When we've completed n steps — one for each element we're sorting — the entire array is sorted.

Analysis

The most important part of this algorithm is finding the largest element in the unsorted section. This requires us to look through the entire unsorted section; only then can we be sure we have the largest one. (There is one narrow circumstance where this isn't true, which is when we find an element equal to the last element we swapped into the sorted section, but this is unlikely in most cases, so we'll ignore that detail going forward.)
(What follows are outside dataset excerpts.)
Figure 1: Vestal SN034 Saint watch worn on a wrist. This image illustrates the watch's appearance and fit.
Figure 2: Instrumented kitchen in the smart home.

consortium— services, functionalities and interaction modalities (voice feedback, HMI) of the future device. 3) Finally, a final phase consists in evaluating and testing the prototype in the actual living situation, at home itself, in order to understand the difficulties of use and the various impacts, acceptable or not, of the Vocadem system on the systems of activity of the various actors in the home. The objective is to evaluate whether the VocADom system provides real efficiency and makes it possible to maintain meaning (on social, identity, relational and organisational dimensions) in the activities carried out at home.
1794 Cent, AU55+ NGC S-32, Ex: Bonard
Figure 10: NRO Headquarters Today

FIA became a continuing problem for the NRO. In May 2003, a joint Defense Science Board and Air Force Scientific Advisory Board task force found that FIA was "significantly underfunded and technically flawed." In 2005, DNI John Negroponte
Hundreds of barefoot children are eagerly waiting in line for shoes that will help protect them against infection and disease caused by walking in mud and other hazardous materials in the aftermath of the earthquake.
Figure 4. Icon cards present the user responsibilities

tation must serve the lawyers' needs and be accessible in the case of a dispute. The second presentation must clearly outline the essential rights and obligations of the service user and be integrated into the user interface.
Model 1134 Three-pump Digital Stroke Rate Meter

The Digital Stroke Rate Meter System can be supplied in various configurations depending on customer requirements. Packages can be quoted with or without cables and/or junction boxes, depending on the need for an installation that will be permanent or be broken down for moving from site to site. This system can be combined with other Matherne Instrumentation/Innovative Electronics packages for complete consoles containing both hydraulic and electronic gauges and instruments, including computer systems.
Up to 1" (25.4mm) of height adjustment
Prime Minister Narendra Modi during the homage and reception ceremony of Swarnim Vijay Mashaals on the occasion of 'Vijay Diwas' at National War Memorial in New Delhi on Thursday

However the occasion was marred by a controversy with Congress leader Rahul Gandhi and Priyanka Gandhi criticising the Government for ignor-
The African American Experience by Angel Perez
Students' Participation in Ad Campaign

So how many elements do we end up looking at? In the first step, we look at all n of them. In the second step, one of the elements is already in the correct position, but we'll have to look at the remaining n − 1. So, in total, we'll look at this many elements:

   n + (n - 1) + (n - 2) + ... + 1
=  n(n + 1) / 2

Generally, then, we'll be doing a total of Θ(n2) comparisons. We'll only do n swaps, but the total time we'll spend will still be Θ(n2). And note that this is always how long it'll take; even if the array is sorted already, we'll be finding maximums and swapping them into place at each step.

Again, we've attempted to be clever, but ended up making things worse; insertion sort still wins. Is insertion sort as good as it gets? Absolutely not, but we'll need to consider other approaches.
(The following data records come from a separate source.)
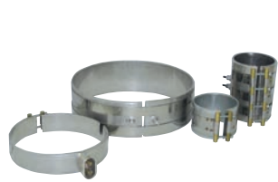
Mica Band Heater & Mica Strip Heater
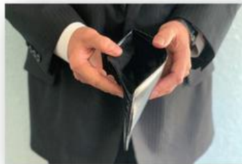
Loss of Rent Guarantee
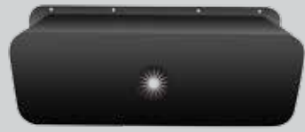
UNIVERSAL ASSEMBLY BUCKET

A housing bucket is included for Kenworth, Freightliner & Western Star models, allowing you to protect your trucks' wires from corrosion.
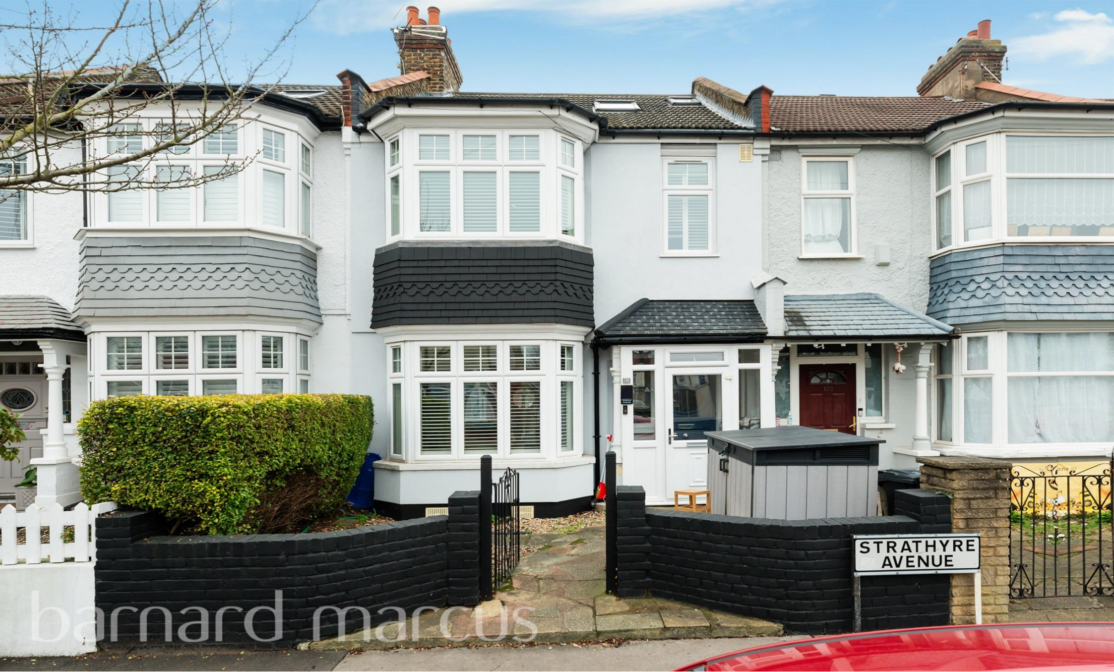
Strathyre Avenue, London SW16 4RH
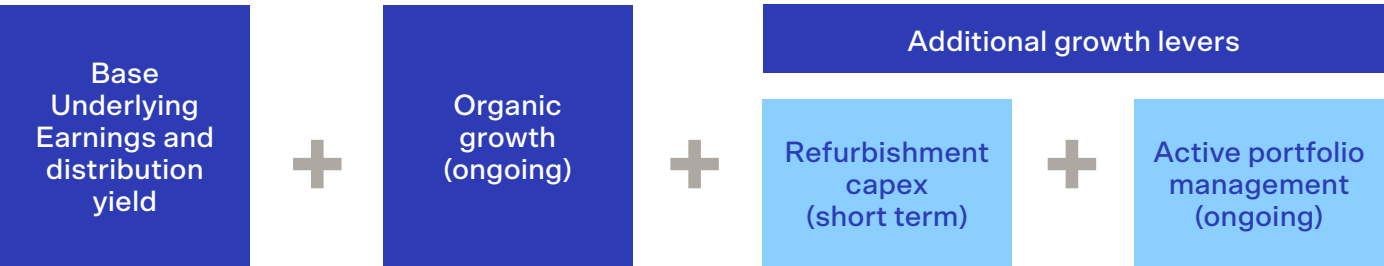
FIGURE 1: YIELDS PLUS INDUSTRY GROWTH

The Fund seeks to deliver regular distributions and the potential for earnings and capital growth underpinned by a Portfolio of 27 hotels (as at the date of this PDS). The Fund is targeting organic growth within the business, plus potential capital and earnings growth from active portfolio management, including investment in the refurbishment or redevelopment of Fund assets.
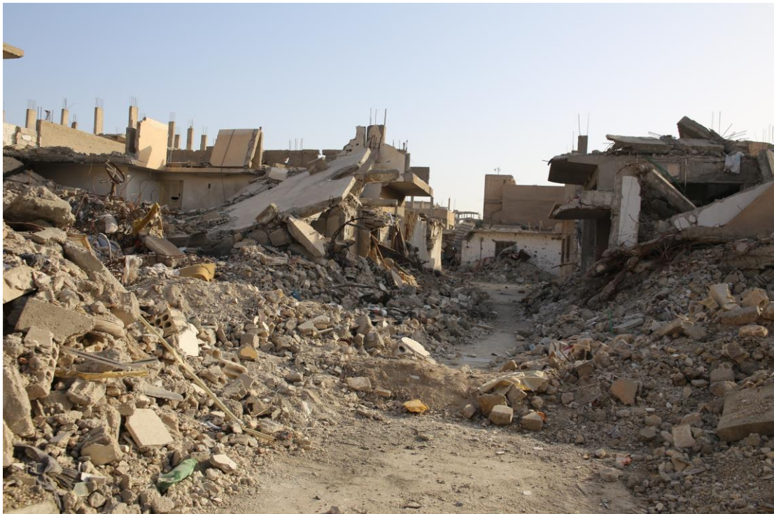
The ruins of the destroyed house where 28 members of the Badran family and five neighbours were killed in a Coalition strike on 20 August 2017 in Raqqa.

We went to Sharia al-Mansour and we took shelter in a two-storey house but after four days there Daesh forced us to move towards al-Fardous and Harat al-Badu neighbourhoods. So we went to Nazlet al-Shehade. On 18 July we fled from there because the fighting was getting closer. As we were fleeing nine of our relatives were killed in two bombardments – five of them in one of the houses just as they were about to leave and four others in the car. We had just left along with the rest of the women and children while the men were still at the house preparing to leave when the house and the car were bombed.

Properties of sorting algorithms

Thus far, we've seen three sorting algorithms: insertion sort, binary insertion sort, and selection sort. While they each do their job somewhat differently, they share some similar characteristics. When comparing sorting algorithms, it's a good idea to stop and observe the things that make them similar and the things that make them different.

In-place algorithms

We say that an in-place algorithm is one that is able to do its work using Θ(1) additional memory — above and beyond the memory used for its initial parameters. So, for example, a sorting algorithm would be in-place if it could be done using Θ(1) memory, not counting the elements that we're sorting. So, which of the algorithms we've seen so far are in-place?
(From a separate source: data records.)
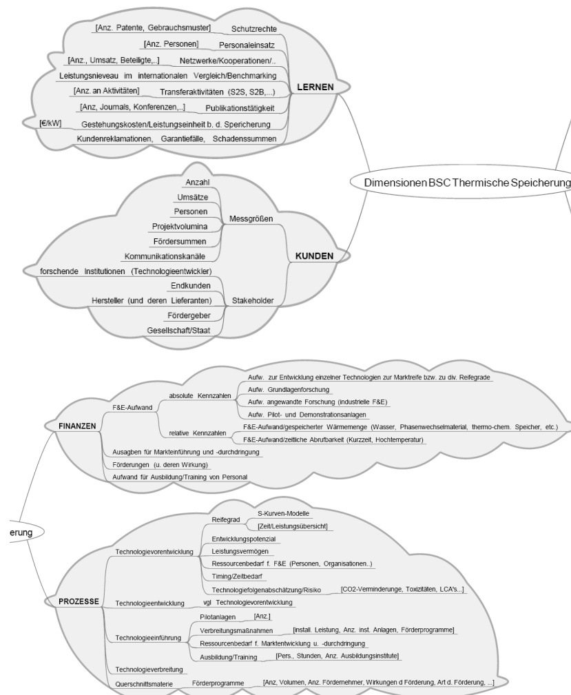
Fig. 2: Examples of indicators for the balanced scorecard “heat storage”

To use the Balanced Scorecard method for the development of a research-oriented masterplan we adapted the common tool to our specific situation. At the beginning we decided to use the four original perspectives as described above thereby restricting the idea to develop new or other perspectives, either substitutionally or additionally. We found out that even if new perspectives may have fitted better to our intention to find a methodology for controlling the development and diffusion of a masterplan we decided to use the original ones as they are well known and adjustable to our needs.
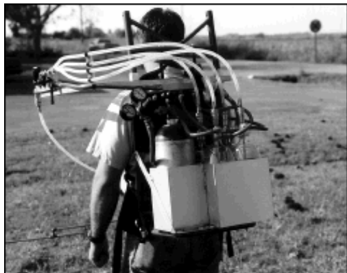
CO 2 Backpack Sprayer

Carbon dioxide (CO 2 ) backpack pesticide sprayers are useful equipment for precisely applying insecticides and herbicides over relatively small areas. Typically, CO 2 backpack pesticide sprayers hold about three gallons of mixed water and chemicals along with the CO 2 cylinder and consequently, a fully loaded sprayer may weigh from 30 to 50 pounds. Safe and effective use of a CO 2 backpack pesticide sprayer is dependent upon accurately applying the proper amount of pesticide. California Code of Regulations Title 8, Section 3203 (7) requires employees to be trained on the equipment they use in the workplace.
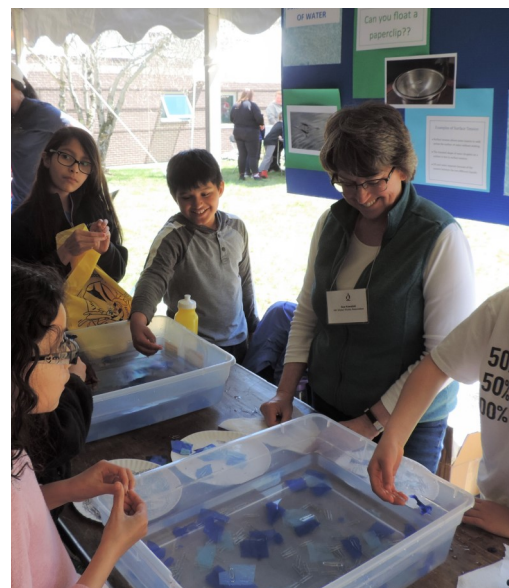
Can You Float a Paperclip? For a number of years, NHWWA staff has provided a surface tension experiment at the festival. The simple activity is always popular with students.

interested in learning more about the NH Drinking Water Festival and Science Fair, or to support the event with a donation, please visit our website at https://www.nhwwa.org/events/nh-drinking-water-festival-and-4th-grade-science-fair .
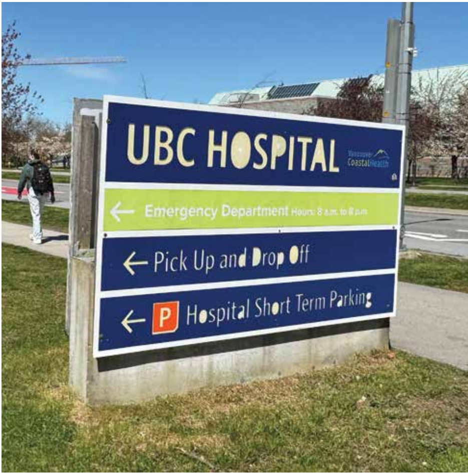
UBC Hospital. (Photo: Emmanuel Samoglou).

How much longer can we afford to ignore this prob-
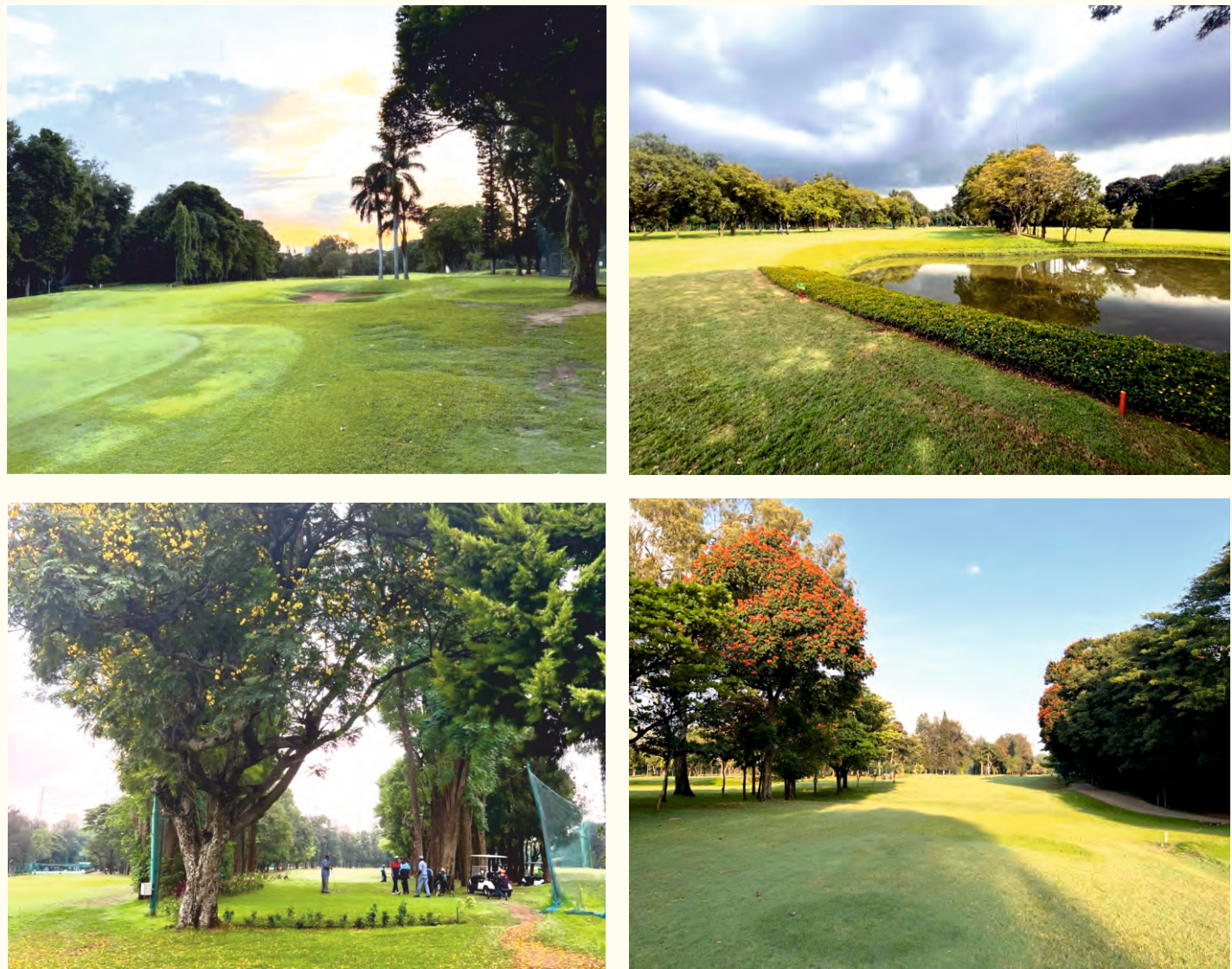
"Post Cards from our Club"

As we'll see, some sorting algorithms do their work using ancillary data structures, and that offers us one way to potentially improve on the algorithms we've seen. (It's not at all uncommon in computer science to find algorithms that use more memory but, as a result, need less time.)

Stable sorting algorithms

A sorting algorithm is stable if it maintains the relative ordering of elements that are considered equivalent. If you were sorting strings by their length, for example, any two strings with the same length would be considered equivalent. Suppose we're sorting these strings:

Boo is happy to see me

The strings is, to, and me are the same length; the strings Boo and see are also the same length. A stable sorting algorithm is one that would give this result:

is to me Boo see happy

Since is was listed before to and to before me originally, they remain in that same relative order when we're finished. Similarly, Boo and see remain in the same relative order.

As we'll see, stability can be a useful property for a sorting algorithm to have, though not all sorting algorithms have it. Of the algorithms we've seen so far, which ones are stable?

Sorting algorithms don't have to be stable to be useful, but stable sorting algorithms can be used in ways that non-stable ones can't. In particular, you can run stable sorting algorithms more than once using different comparison functions and get a sensible result. For example, if you sorted people by first name using a stable sorting algorithm, then sorted them again by last name using a stable sorting algorithm, the people would now be sorted primarily by last name with first name breaking any ties. With a non-stable sorting algorithm, the result might not be this way; once you sorted by last name, the relative order of the people by first name might be changed.


Treesort

If we give up on the idea that a sorting algorithm needs to be in-place (i.e., if we allow ourselves to use an ancillary data structure whose size varies with the number of elements we're sorting), we might be able to achieve things we couldn't acheive otherwise.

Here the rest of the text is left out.